Westchester Medical Center recently had to reverse positions. Their decision to refuse all insurance plans available on the New York Health Insurance Exchange was met with moral outrage. As a result, they now accept one of the seven plans available.
But does Westchester Medical Center have a responsibility to accept any of these plans? A responsibility to maintain their economic viability? Sure. And if the public gets some benefit, all the better. But a separate economic actor has a separate economic interest. Why scorn a business for exercising prudent judgment?
Of course, the plans on New York’s exchange could have hidden their reimbursement rates from Westchester Medical Center. They could have tied reimbursements to contracts with particular patients, offering hospitals 80% reimbursement for each patient’s negotiated fees.
What are those fees? Depends on the patient. How much will the hospital be reimbursed? Couldn’t tell you. And if the insurance plans had tried this, even more hospitals would have refused such a contract. Without knowing the negotiated fees, hospitals can’t know if the plan makes economic sense for them.
But this is precisely the situation patients find themselves in.
Plans available to patients cover some percentage of the fees negotiated with providers. What is that fee? Depends on the provider. How much is it going to cost each patient? Couldn’t tell you. And so patients’ health care costs are hidden.
Patients can, theoretically, uncover these costs by asking providers what they charge. The problem is, providers have easy access to what they bill, which is not the same as the negotiated fee.
Take for example Women’s Health Advantage. They have done an excellent job of listing what they charge. But that’s not the same as the negotiated fee. With enough pushing, patients can sometimes find out some of the negotiated fees (e.g., lab fees, yearly checkups). But the fee for an additional test or procedure a physician recommends while you’re in the office? Forget about it. And understanding when an appointment becomes unusual (e.g., billed differently)?

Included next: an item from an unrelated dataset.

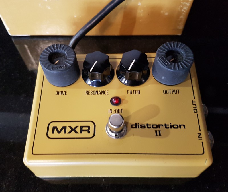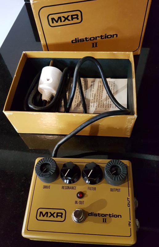 Bonjour, je ressort de mon placard une pédale MXR distortion II des année 80. J'ai acheté cette pédale il y a quelques année en lot avec une guitare et un ampli et je ne l'ai jamais utilisée à part pour l'essayer et elle fonctionne parfaitement bien. D'ailleurs le vendeur m'avait dit l'avoir achetée neuve et très peu utilisé également. Quand on voit son état on en doute pas!

Let me tell you a story. The last time we took my kids to the allergist, the allergist, who’s a very nice man, spent equal amounts of time with both of my children. He did the same exam and answered the same questions about both. He never mentioned that he was treating them differently in any way.
When we received the bill, we were surprised that my daughter’s fees were one and a half times those of my son’s. We called the billing department, explained that the allergist had not asked about doing something differently and had done nothing differently, so far as we could tell.
Their response? “Well, he coded them differently.” And that was that.
The costs of health care are hidden when patients must select a plan without knowing the fees it entails, when patients cannot find out the fees negotiated with a particular provider, and when additional services are rendered and charged without the patient being asked or even told.
Some bits of practical advice. Calmly ask your doctor’s office, your hospital, and your insurance company about their negotiated fees, and do it before any appointment or procedure. Calmly ask about every test or procedure to ensure it’s usual and/or necessary. Many times, they won’t be able to answer these uncomfortable questions easily or quickly. Wait for the answer anyway.
I’m not saying that doctors, or hospitals, or insurance companies are malicious or anything but well-intentioned. It’s that they became used to a system where costs are hidden from patients, where patients don’t need information about negotiated fees. But that system is gone. You’re on the hook for these costs now, and just like Westchester Medical Center, you need to know what you’re getting into.
Abraham Schwab is an associate professor of philosophy and medical ethicist at IPFW.